_LISTED RECORDS_
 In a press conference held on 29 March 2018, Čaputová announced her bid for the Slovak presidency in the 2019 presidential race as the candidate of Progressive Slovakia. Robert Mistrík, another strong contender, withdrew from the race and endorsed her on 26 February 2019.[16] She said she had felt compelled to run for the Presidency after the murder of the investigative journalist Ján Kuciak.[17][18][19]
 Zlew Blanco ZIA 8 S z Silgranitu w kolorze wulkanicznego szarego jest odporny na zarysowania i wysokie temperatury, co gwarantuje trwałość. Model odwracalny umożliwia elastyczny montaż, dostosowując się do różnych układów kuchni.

...

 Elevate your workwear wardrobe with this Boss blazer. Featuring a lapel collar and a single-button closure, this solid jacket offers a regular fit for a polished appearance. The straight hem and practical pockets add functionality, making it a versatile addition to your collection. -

==

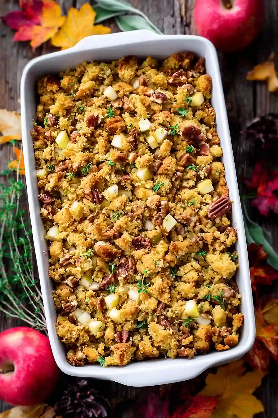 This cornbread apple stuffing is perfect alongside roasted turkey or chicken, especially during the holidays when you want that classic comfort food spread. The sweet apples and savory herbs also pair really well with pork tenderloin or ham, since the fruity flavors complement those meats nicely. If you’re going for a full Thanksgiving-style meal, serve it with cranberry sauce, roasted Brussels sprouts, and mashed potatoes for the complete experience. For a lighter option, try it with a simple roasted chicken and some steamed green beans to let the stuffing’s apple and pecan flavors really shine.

_WORK REQUEST_
Using the entries shown above, reproduce verbatim the lines from the line bearing "In a press conference" to the line bearing "Zlew Blanco ZIA", inclusive.

_WRITTEN RESPONSE_
 In a press conference held on 29 March 2018, Čaputová announced her bid for the Slovak presidency in the 2019 presidential race as the candidate of Progressive Slovakia. Robert Mistrík, another strong contender, withdrew from the race and endorsed her on 26 February 2019.[16] She said she had felt compelled to run for the Presidency after the murder of the investigative journalist Ján Kuciak.[17][18][19]
 Zlew Blanco ZIA 8 S z Silgranitu w kolorze wulkanicznego szarego jest odporny na zarysowania i wysokie temperatury, co gwarantuje trwałość. Model odwracalny umożliwia elastyczny montaż, dostosowując się do różnych układów kuchni.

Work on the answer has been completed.